What is expected: Reproduce the whole listing that follows, character for character, and drop the images.

Given information:
────────────────
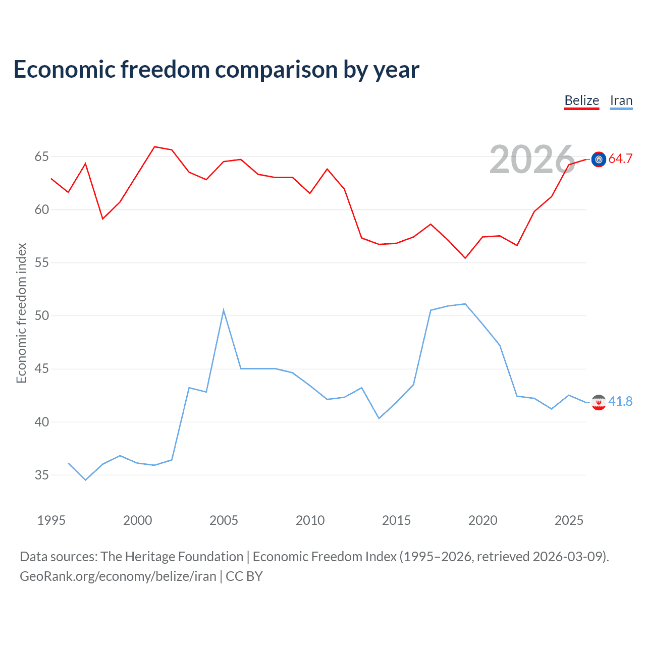 The Economic Freedom Index for Belize is 64.7, ranking 71/197, compared to 41.8 for Iran, ranking 185/197. The chart above displays a comparison of annual changes in economic freedom indexes.
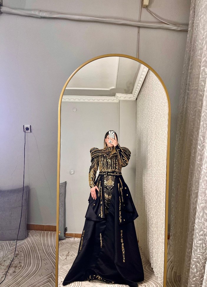 Uzun siyah gotik kadın gelinlik, yüksek yaka ve uzun kollu etnik desenlere sahiptir. Salaş kesimi ve drapeli detaylarıyla şık bir düğün görünümü sunar.
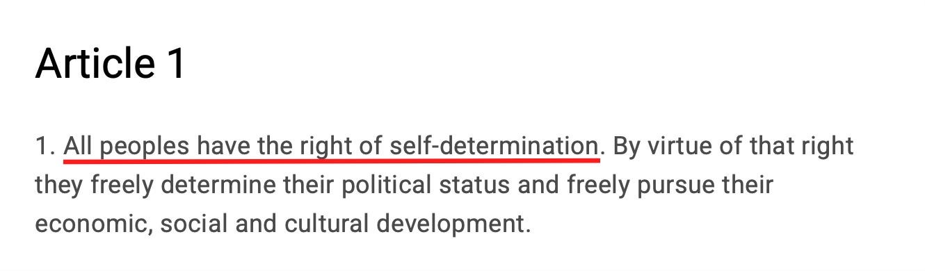 Which brings me back to the principle of self-determination. Committee member Fergus Ewing said he hoped that his colleagues all supported ICCPR’s Article 1:
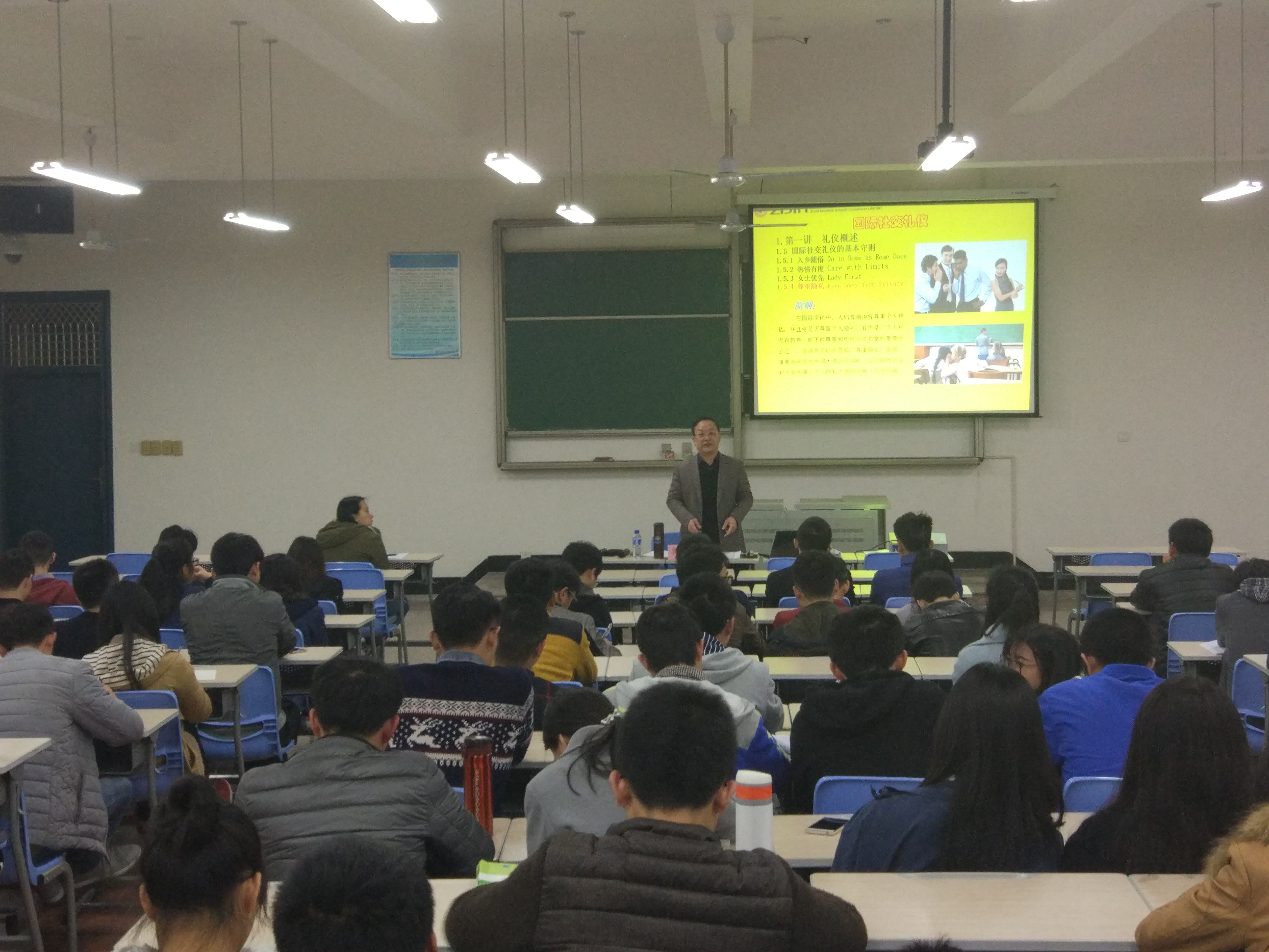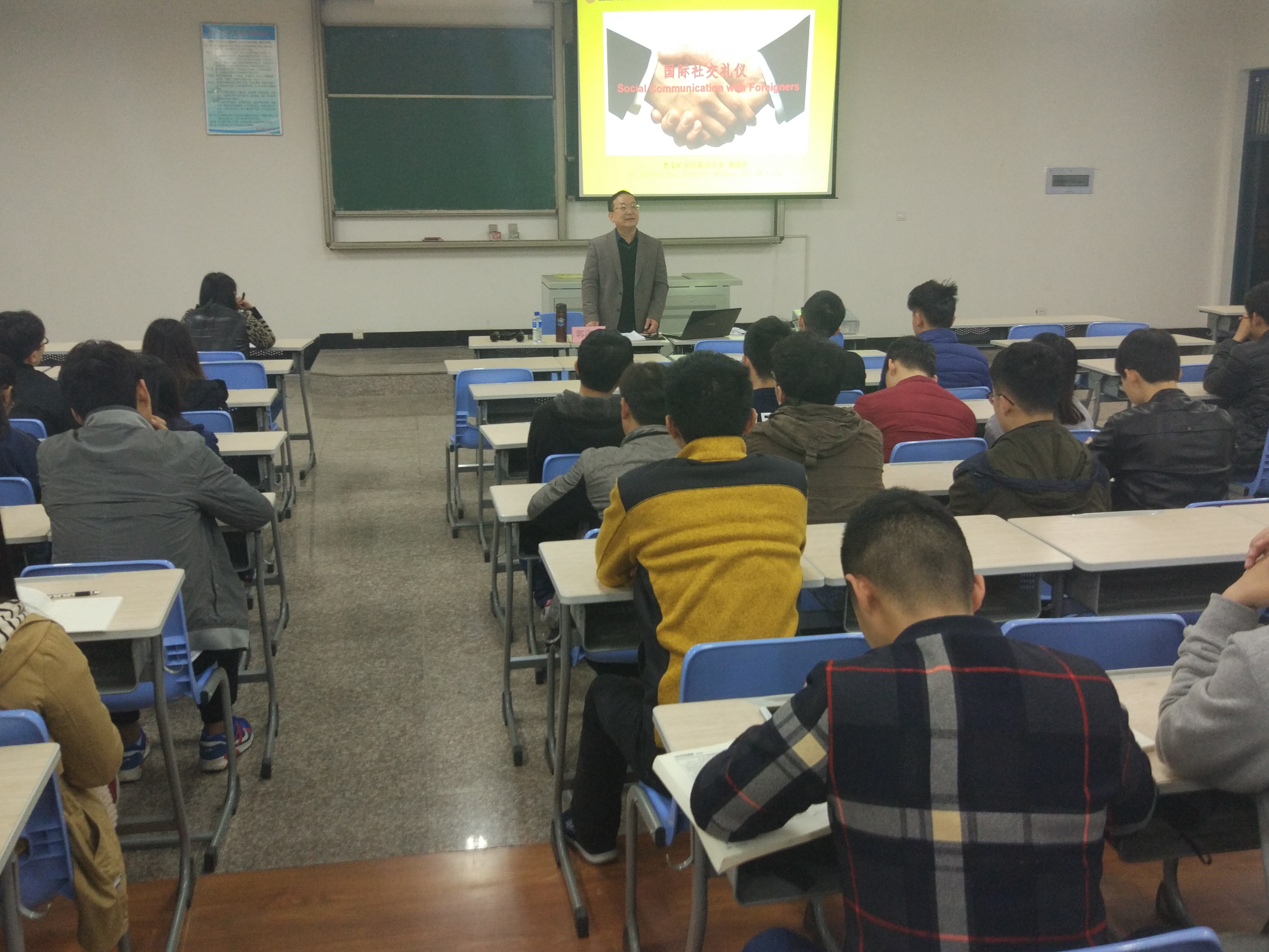 郭先生从礼仪的起源开始,概述了礼仪的定义,分别阐释了礼和仪的含义。他还用自己的理解定义了礼仪,即:成文的或者不成文的必须自觉遵守的但违反后又不能用法律制裁的行为规范。接着,郭先生深入浅出地引出了国际礼仪,入乡随俗,热情有度,女士优先,尊重隐私是其基本守则。期间,他还结合自身的经历,畅谈国际礼仪趣事。之后,郭先生从形象、着装、手势、言谈和礼貌等方面入手教大家如何学习礼仪。
────────────────
Answer to the exercise:
 The Economic Freedom Index for Belize is 64.7, ranking 71/197, compared to 41.8 for Iran, ranking 185/197. The chart above displays a comparison of annual changes in economic freedom indexes.
 Uzun siyah gotik kadın gelinlik, yüksek yaka ve uzun kollu etnik desenlere sahiptir. Salaş kesimi ve drapeli detaylarıyla şık bir düğün görünümü sunar.
 Which brings me back to the principle of self-determination. Committee member Fergus Ewing said he hoped that his colleagues all supported ICCPR’s Article 1:
 郭先生从礼仪的起源开始,概述了礼仪的定义,分别阐释了礼和仪的含义。他还用自己的理解定义了礼仪,即:成文的或者不成文的必须自觉遵守的但违反后又不能用法律制裁的行为规范。接着,郭先生深入浅出地引出了国际礼仪,入乡随俗,热情有度,女士优先,尊重隐私是其基本守则。期间,他还结合自身的经历,畅谈国际礼仪趣事。之后,郭先生从形象、着装、手势、言谈和礼貌等方面入手教大家如何学习礼仪。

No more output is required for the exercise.